■ Directions
Below are lines of data, and only some are wanted. Please repeat exactly those from the line that has "Passengers with confirmed" through the line that has "O18 ประกาศนโยบายต่อต้านการรับสินบน(Anti-Bribery Policy)".

■ Recorded information

☆ ☆ ☆ ☆

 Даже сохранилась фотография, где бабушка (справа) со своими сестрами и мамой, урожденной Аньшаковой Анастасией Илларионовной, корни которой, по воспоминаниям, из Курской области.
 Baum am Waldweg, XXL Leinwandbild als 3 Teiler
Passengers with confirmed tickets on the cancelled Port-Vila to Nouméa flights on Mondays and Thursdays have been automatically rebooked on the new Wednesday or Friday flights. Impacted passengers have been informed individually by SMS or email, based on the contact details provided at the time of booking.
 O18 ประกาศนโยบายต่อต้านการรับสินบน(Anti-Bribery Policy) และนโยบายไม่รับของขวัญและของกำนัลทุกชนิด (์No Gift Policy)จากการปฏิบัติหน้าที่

☆ ☆ ☆ ☆

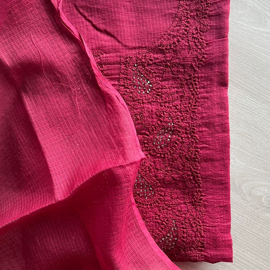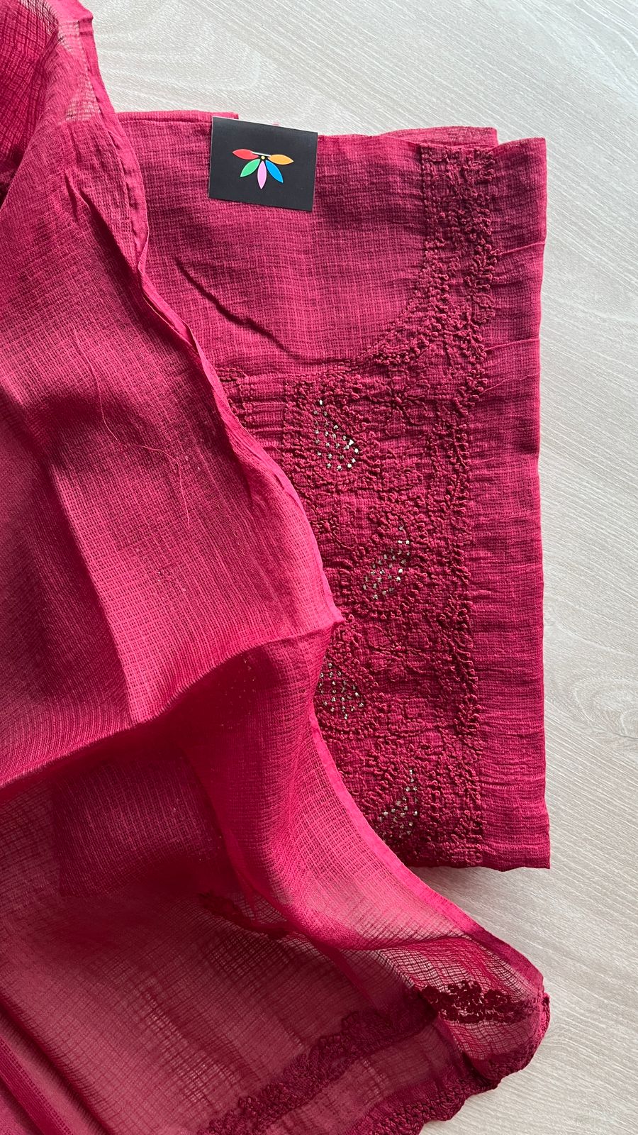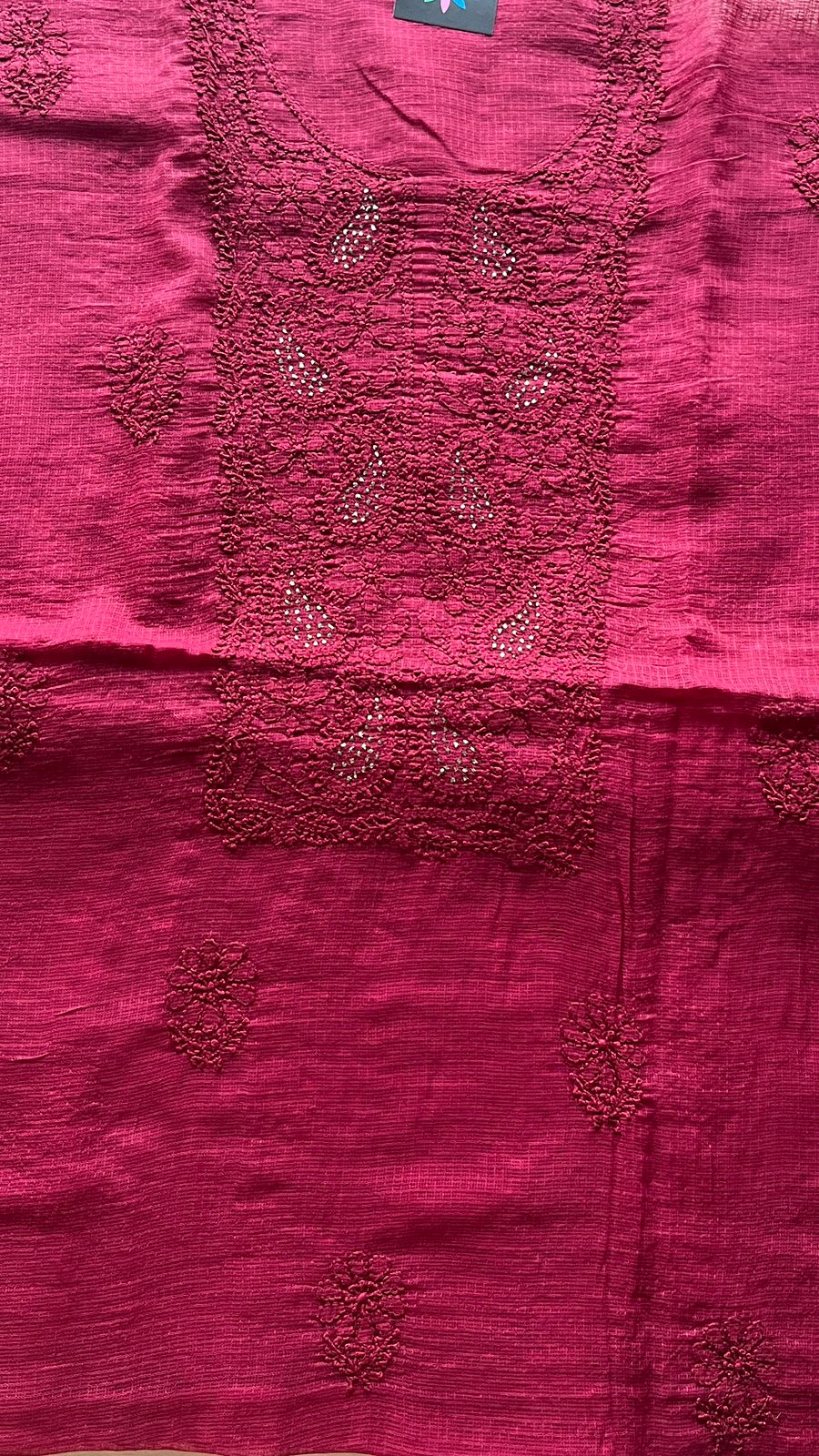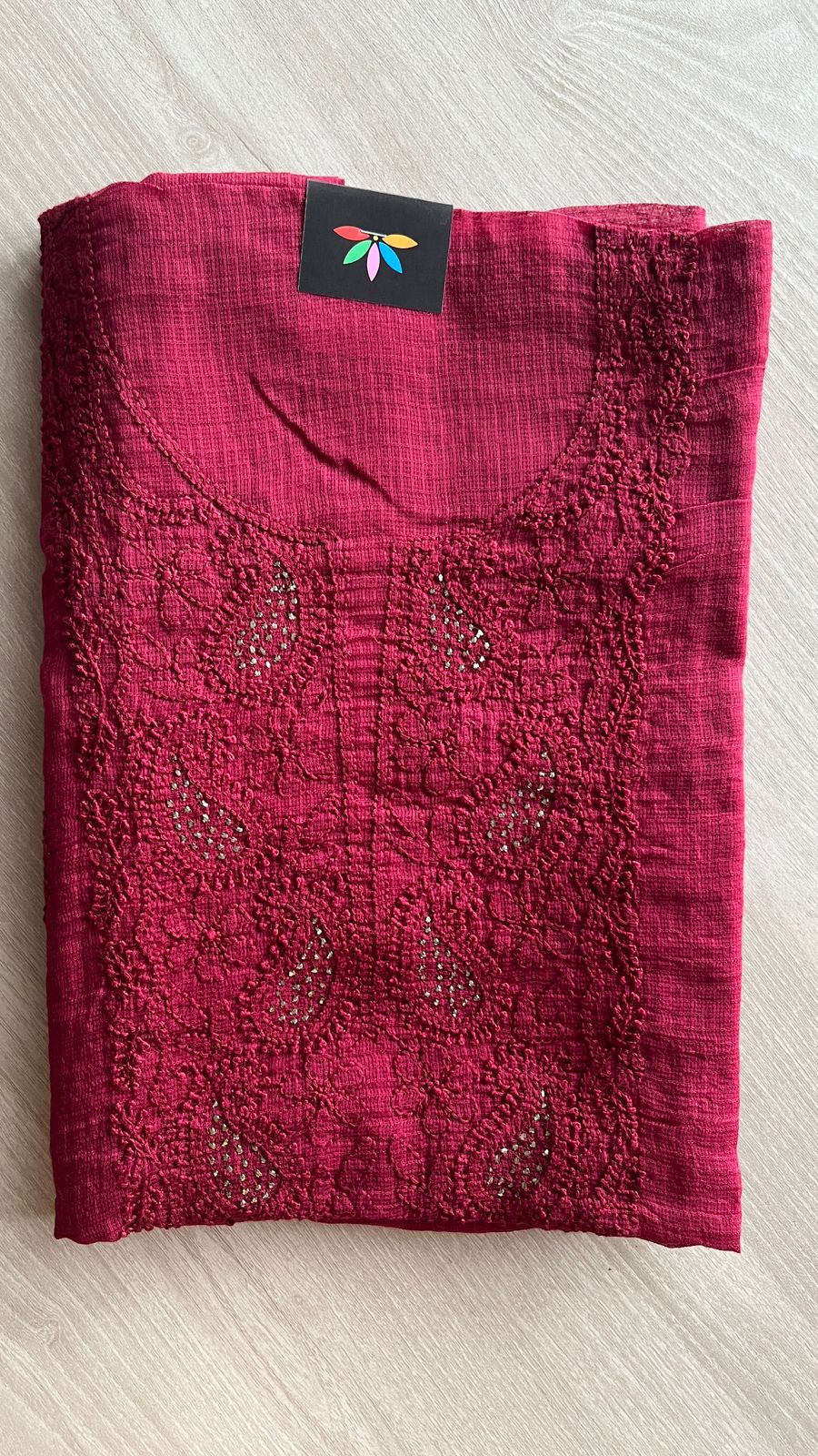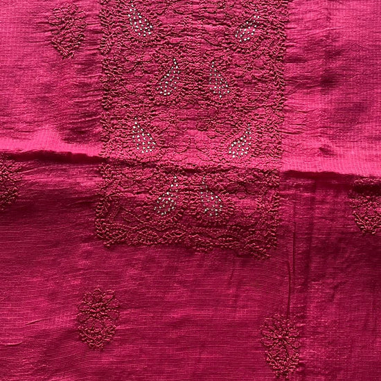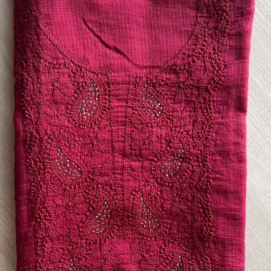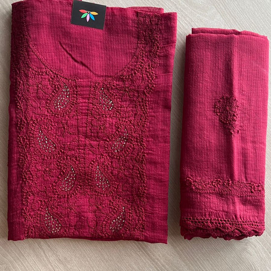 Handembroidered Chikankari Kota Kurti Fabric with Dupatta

☆ ☆ ☆ ☆

■ Answer to this problem
Passengers with confirmed tickets on the cancelled Port-Vila to Nouméa flights on Mondays and Thursdays have been automatically rebooked on the new Wednesday or Friday flights. Impacted passengers have been informed individually by SMS or email, based on the contact details provided at the time of booking.
 O18 ประกาศนโยบายต่อต้านการรับสินบน(Anti-Bribery Policy) และนโยบายไม่รับของขวัญและของกำนัลทุกชนิด (์No Gift Policy)จากการปฏิบัติหน้าที่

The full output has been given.